=== Begin Enclosure ===

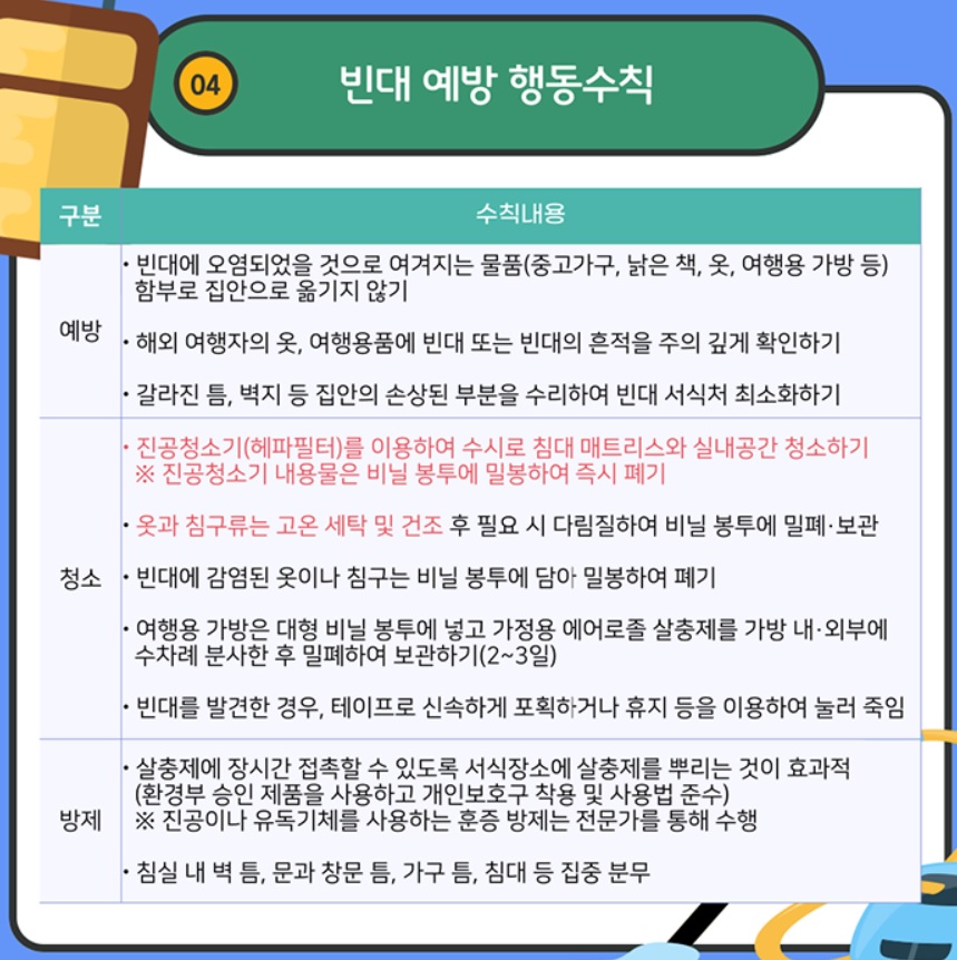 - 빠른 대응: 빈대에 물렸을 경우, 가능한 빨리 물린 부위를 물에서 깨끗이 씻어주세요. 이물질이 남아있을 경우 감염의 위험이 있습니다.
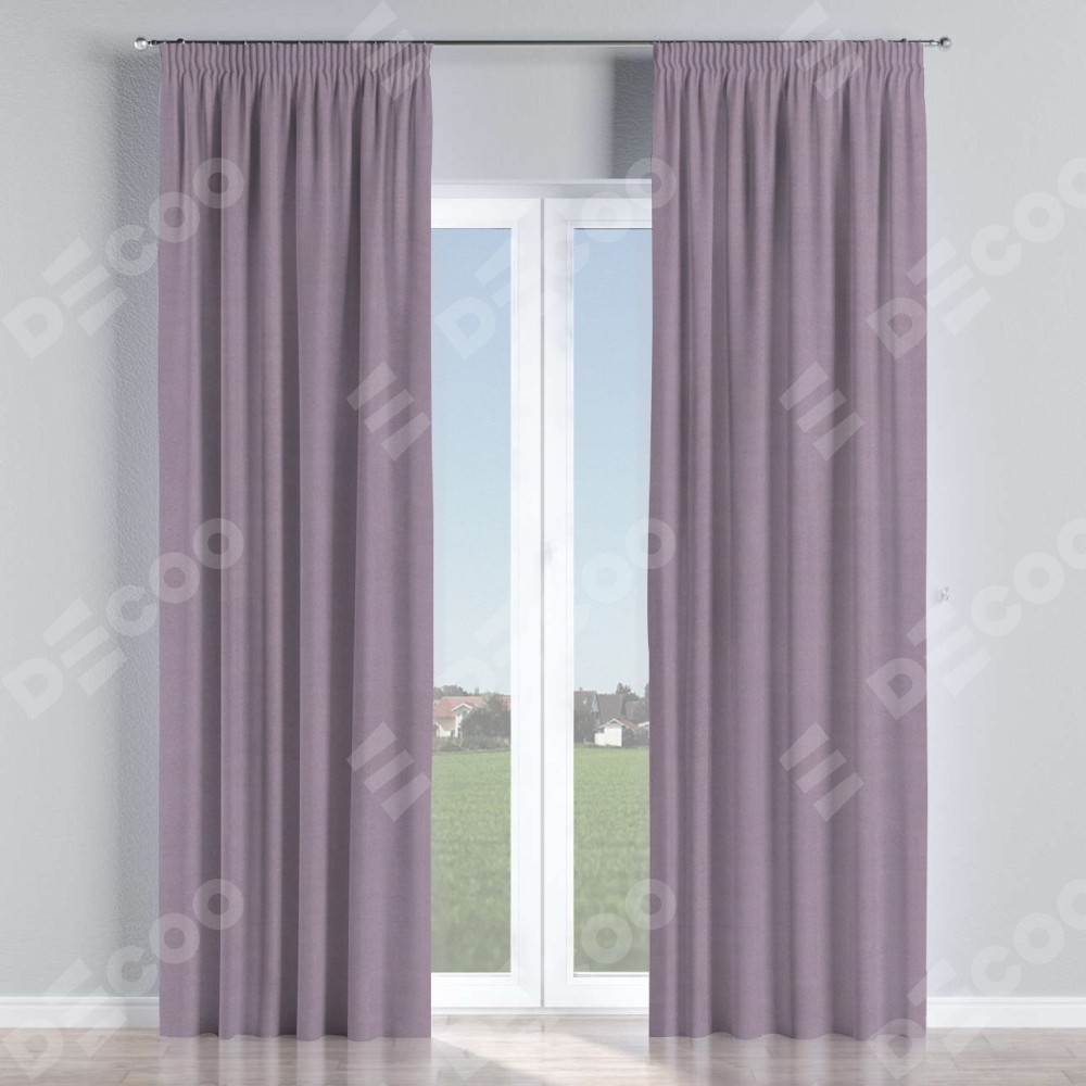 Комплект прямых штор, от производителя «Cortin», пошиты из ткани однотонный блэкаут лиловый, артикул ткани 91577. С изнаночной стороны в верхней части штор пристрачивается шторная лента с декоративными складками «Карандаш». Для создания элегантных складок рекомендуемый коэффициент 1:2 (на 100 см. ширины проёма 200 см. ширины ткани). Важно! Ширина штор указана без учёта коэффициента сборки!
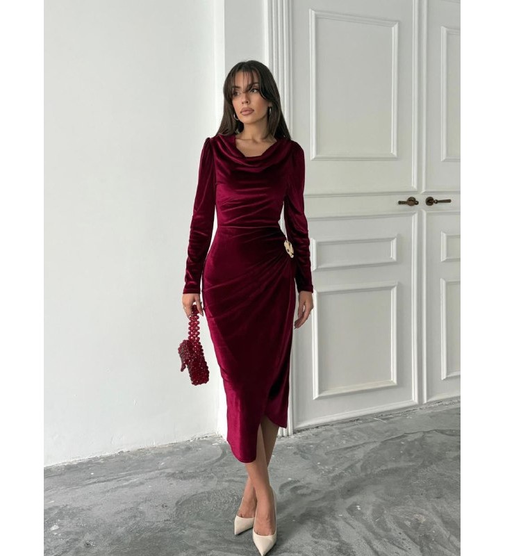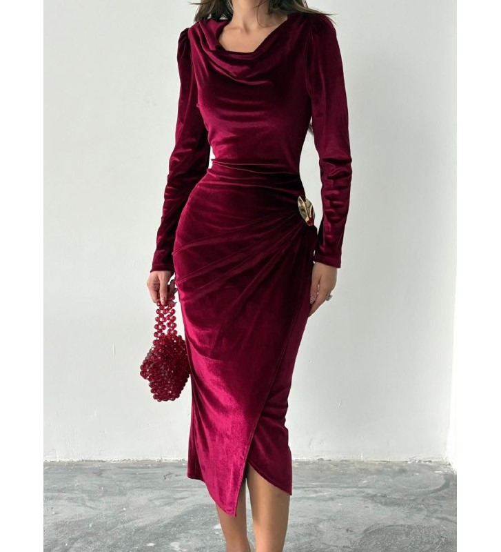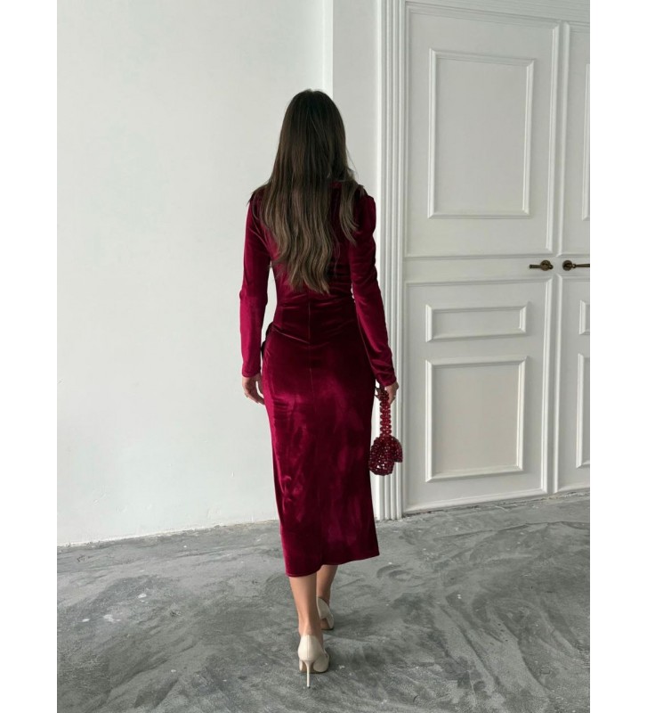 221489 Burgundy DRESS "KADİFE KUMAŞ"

=== End Enclosure ===

Give the data again exactly as it stands, apart from the pictures.

WRITTEN ANSWER:
 - 빠른 대응: 빈대에 물렸을 경우, 가능한 빨리 물린 부위를 물에서 깨끗이 씻어주세요. 이물질이 남아있을 경우 감염의 위험이 있습니다.
 Комплект прямых штор, от производителя «Cortin», пошиты из ткани однотонный блэкаут лиловый, артикул ткани 91577. С изнаночной стороны в верхней части штор пристрачивается шторная лента с декоративными складками «Карандаш». Для создания элегантных складок рекомендуемый коэффициент 1:2 (на 100 см. ширины проёма 200 см. ширины ткани). Важно! Ширина штор указана без учёта коэффициента сборки!
 221489 Burgundy DRESS "KADİFE KUMAŞ"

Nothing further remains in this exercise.